Moyen produit AU POURVOI INCIDENT par la SCP Gatineau et Fattaccini, avocat aux Conseils, pour la CRAM du Sud-Est.
Le moyen fait grief à l'arrêt attaqué d'AVOIR condamné la CRAM du SUD EST à payer à Monsieur Michel X... la somme de 3000 € à titre de dommages et intérêts.

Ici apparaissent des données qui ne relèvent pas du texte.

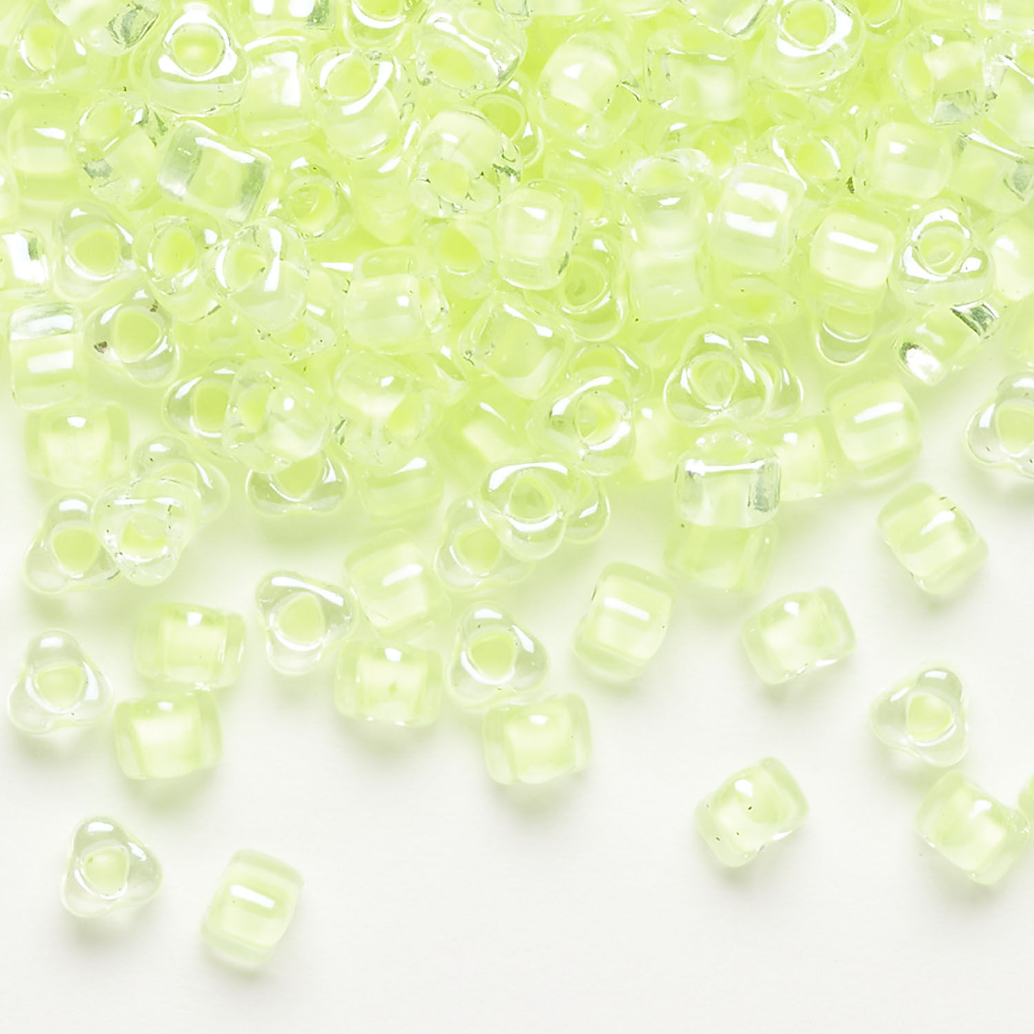 Seed bead, Miyuki 1pkg10g, glass, #5 triangle, transparent lime inside dyed color clear (TR-1119)

AUX MOTIFS QUE «l'article 16 de la convention collective régissant les rapports entre les parties prévoit, qu'au cas de mutation entraînant un changement volontaire d'organisme employeur, lorsque cette mutation entraîne une baisse de rémunération, le salarié a le droit à une indemnité différentielle, permettent de maintenir le niveau de la rémunération antérieure, versée par l'organisme d'accueil pendant le stage probatoire ainsi que pendant une année à compter de la fin de celui-ci ;
Attendu que cette indemnité ne sera réglée par la CRAM au salarié qu'à la suite d'une correspondance adressée au service des ressources humaines le 19 novembre 1998 ; que ce retard dans le paiement de cette indemnité a nécessairement entraîné pour monsieur X... un préjudice par suite de la privation d'un complément de salaire pendant plusieurs mois ». que le préjudice tenant au retard dans le règlement de l'indemnité différentielle sera réparé par la condamnation de la CRAM du SUD EST à payer à monsieur X... la somme de 3 000 euros de dommages et intérêts » ;
ALORS QUE le juge ne peut allouer au créancier des dommages et intérêts distincts des intérêts moratoires qu'à la condition de caractériser, outre la mauvaise foi, l'existence d'un préjudice indépendant du retard de paiement ; qu'en l'espèce, pour condamner la CRAM du SUD EST au paiement de dommages et intérêts compensatoires, la Cour d'appel a relevé que le retard dans le versement de l'indemnité avait nécessairement provoqué un préjudice au salarié ; qu'en statuant ainsi, sans caractériser la mauvaise foi de l'employeur ni l'existence d'un préjudice indépendant du retard, la Cour d'appel a privé sa décision de base légale au regard de l'article 1153 alinéa 4 du Code civil.